28. The conduct of the respondents is to be deprecated and it is for this reason that I intend to make the order for costs that I do.

29. In the circumstances it is ordered:

29.1 the First and Second Respondents are ordered and directed to allow the registration of a servitude of right of way in perpetuity over Portion 28 of Erf [...] Morningside Extension 98 Township, Registration Division I.R, Province of Gauteng (“Portion 28”) in favour of the owners from time to time of Portions 26,27 and 29 of the said Erf [...] Morningside Extension 98 Township, in accordance with Servitude Diagram S.G. No. A7234/84 and in terms of a notarial agreement in accordance with the draft annexed hereto as “A”.

29.2 the First and Second Respondents are ordered and directed, forthwith upon demand, to sign all and any documents necessary for the purpose of registering the servitude referred to in paragraph 1 above including, but not limited to, the notarial agreement referred to therein;

29.3 the Fourth and Fifth Respondents are ordered and directed, forthwith upon demand, to furnish any such consents as may be necessary for the purpose of registering the servitude referred to in paragraph 29.1 above.

29.4 the Sheriff of the above Honourable Court is ordered, directed and authorised, only in the event that the First and Second Respondents fail to comply with the orders in paragraphs 29.1 and 29.2 above, to sign on their behalf all and any documents required to give effect to the orders in paragraphs 29.1 and 29.2 above

29.5 the First and Second Respondents, jointly and severally, the one to pay the other to be absolved, are ordered and directed to pay, on the scale as between attorney and client, the costs of the spoliation application launched by the Applicant under the above case number on 9 December 2016; and

29.6 the First and Second Respondents, jointly and severally, the one to pay the other to be absolved, are ordered and directed to pay the costs of this application on the scale as between attorney and client.

 

 

 

_____________________________

 

A MILLAR

ACTING JUDGE OF THE HIGH COURT

GAUTENG LOCAL DIVISION, JOHANNESBURG

 

 

HEARD ON: 3 AUGUST 2020

JUDGMENT DELIVERED ON: 11 AUGUST 2020

(DELIVERED ELECTRONICALLY BY EMAIL TO THE PARTIES)

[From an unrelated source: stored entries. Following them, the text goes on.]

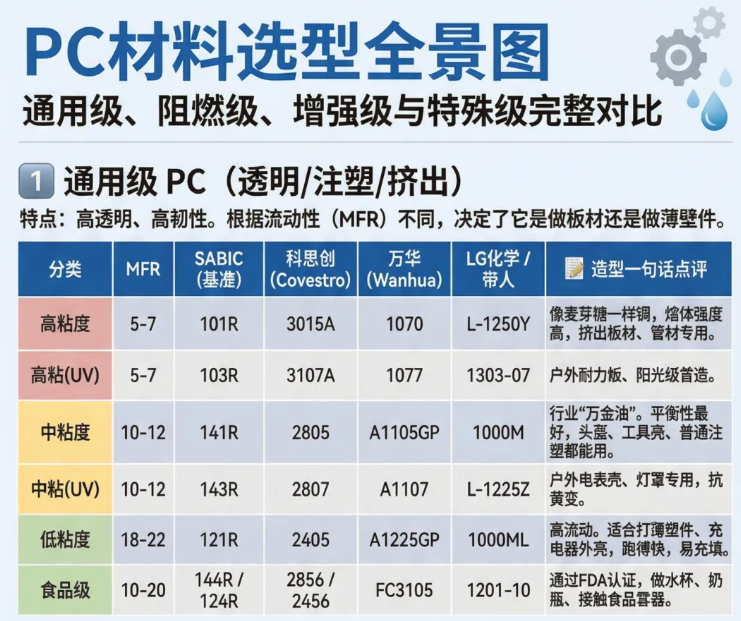 这里整理了一份《2026版 全球主流PC牌号综合对标整合表》。涵盖SABIC、科思创、LG化学、万华、帝人等主流品牌。
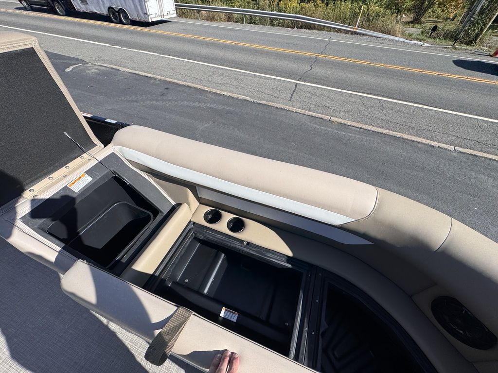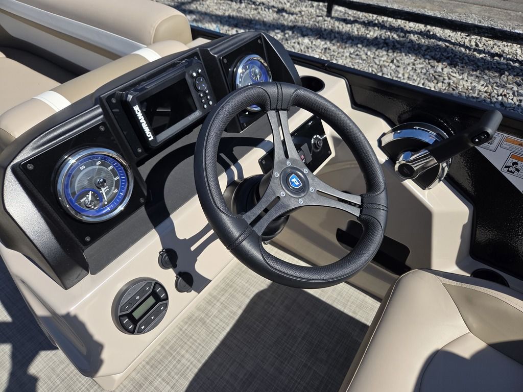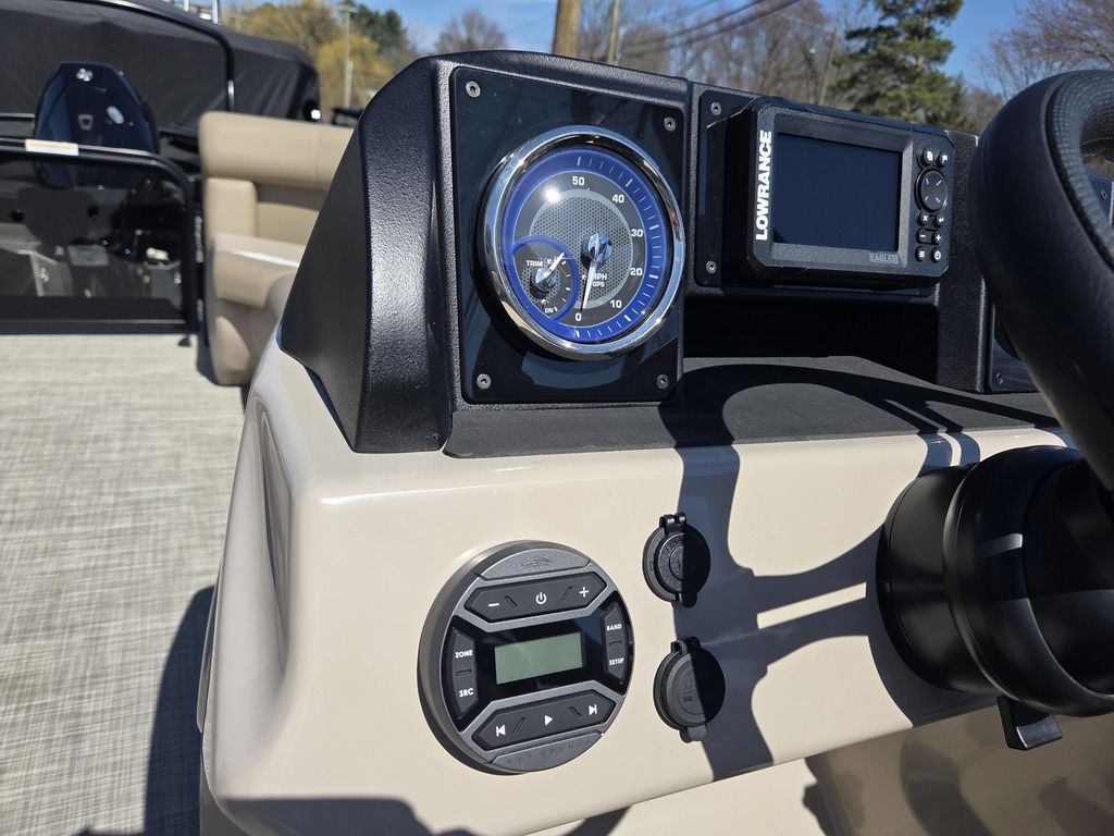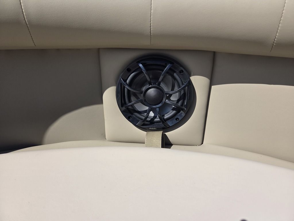 Equipped with a Lowrance Eagle 5” display for navigation and essential data. Includes fast-charging USB-A and USB-C ports at the helm. Outfitted with a Wet Sounds audio system featuring multiple speakers for an enjoyable on-water experience.
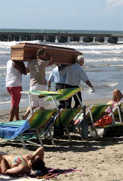 Thứ Hai 20-7, báo chí Ý đã đưa những tấm ảnh khiến thế giới sững sờ: tại bờ biển Torregaveta (Naples), hai thiếu nữ Tzigane 14 và 16 tuổi - có lẽ ra bờ biển để ăn xin và bán đồ mỹ ký - bị sống cuốn trôi và lực lượng cứu hộ trên biển đã không cứu được họ. Khi bị sóng biển đánh dạt vào bờ, hai em được cuốn trong một chiếc khăn tắm, nhưng theo tờ "La Repubblica" (Ý), trước cảnh tượng ấy, "không mấy ai về nhà hoặc thôi tắm nắng, thậm chí còn có những kẻ ăn nhậu vui vẻ cách hai xác chết bất động nằm trên cát có vài mét!"

COUNSEL FOR THE APPLICANT: ADV. G PORTEOUS

INSTRUCTED BY: KUILMAN MUNDELL & ARLOW

REFERENCE: MS N BULABULA

COUNSEL FOR THE 1ST & 2ND RESPONDENT: ADV. AD COLLINGWOOD

INSTRUCTED BY: KIRSHEN NAIDOO & COMPANY INC

REFERENCE: MR P MALUNGANA

 

[1] 2012 JDR 0485 (WCC) at paras [12] to [13]

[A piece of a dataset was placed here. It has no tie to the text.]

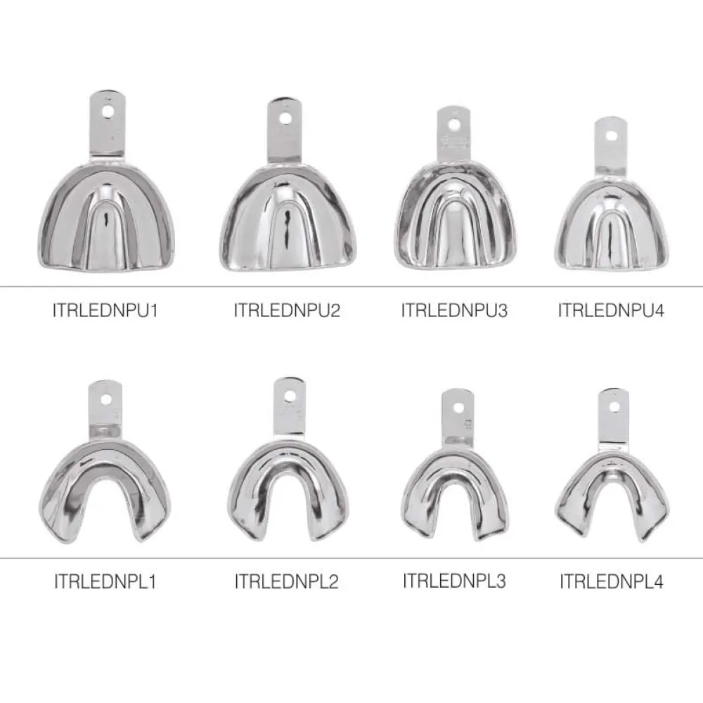 تری بی دندانی 8 عددی - Edentulous Tray:قالبگیری در دندانپزشکی به منظور ایجاد یک مدل برای تشخیص شرایط دهان بیمار، ساختن یک تری اختصاصی، کراون موقت و یا برای تکنسینهای لابراتوار به منظور ساختن یک کست از فک بیمار گرفته میشود.بدون لغزش و بدون لبه میباشد و قابل استفاده برای قالبگیری از محیط دهان و دندان است و از بهترین مواد اولیه تهیه شده است.تری بی دندانیبرند سامان دندان (سام)در بسته بندی 8 عددی به صورت آسورت (4 عدد برای فک بالا و 4 عدد برای فک پایین) عرضه می گردد.
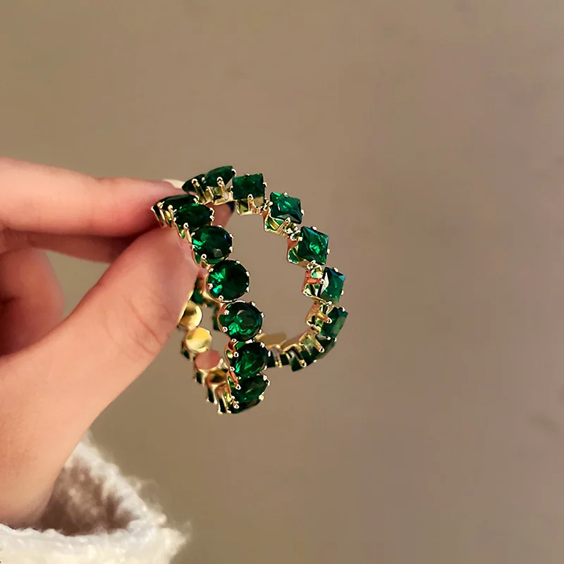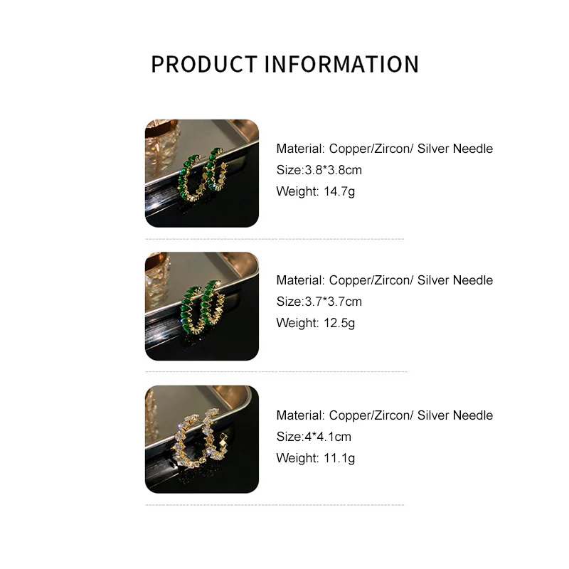 【Название продукта 】 инкрустация CZ серьги-кольца зеленый циркон

[2] Johl v Nobre supra at para15.

[3] There was no suggestion in the papers nor was it argued that the running of prescription in terms of section 6 of the Act had been interrupted by the service of any process as required by sections 4(1).

[4] Malan v Nabygelegen Estate 1946 (AD) 562 at 574 where Watermeyer CJ held “mere occupation of property 'nec vi nec clam nec precario' for a period of thirty years does not necessary vest in the occupier a prescriptive title to the

ownership of the property. In order to create a prescriptive title, such occupation must be a user adverse to the true owner and not occupation by virtue of some contract or legal relationship such as lease or usufruct which recognises the ownership of another.”

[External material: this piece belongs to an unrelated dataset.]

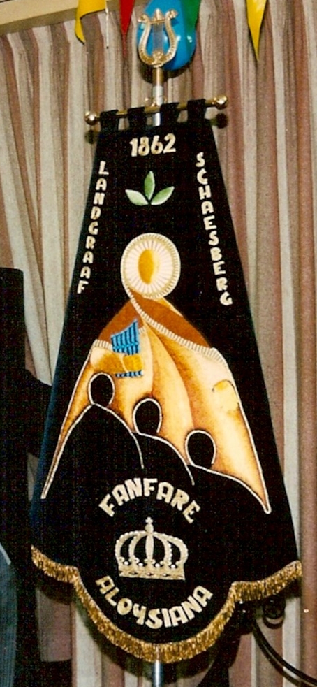 Een sterk gestileerde St. Cecilia met montrans in plaats van gelaat, en voor haar mantel de silhoutten van drie (gestileerde) muzikanten, symbolisceh voor de drie generaties in de vereniging.
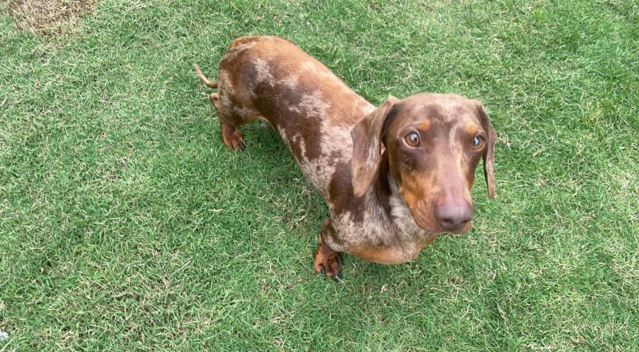 Digby is a 4yo Red Merle Dachshund.

[5] The mere fact that the servitudes are reflected on the Surveyor General’s diagram and have been approved by him do not elevate these to real rights binding on any party in the absence of the specific registration of those servitudes – see Werner v Florauna Kwekery BK and Others 2016 (2) SA 282 (SCA) at para [21] and Ethekwini Municipality v Brooks and Others 2010 (4) SA 586 (SCA) at para [32].

[6] From which it may be inferred that all the parties made use of the common driveway comprised of the property of portions 26, 27 and 28 civiliter modo –  that is respectfully and with due regard to the rights of others - see Tshwane City v Link Africa and Others 2015 (6) SA 440 (CC) at para [87].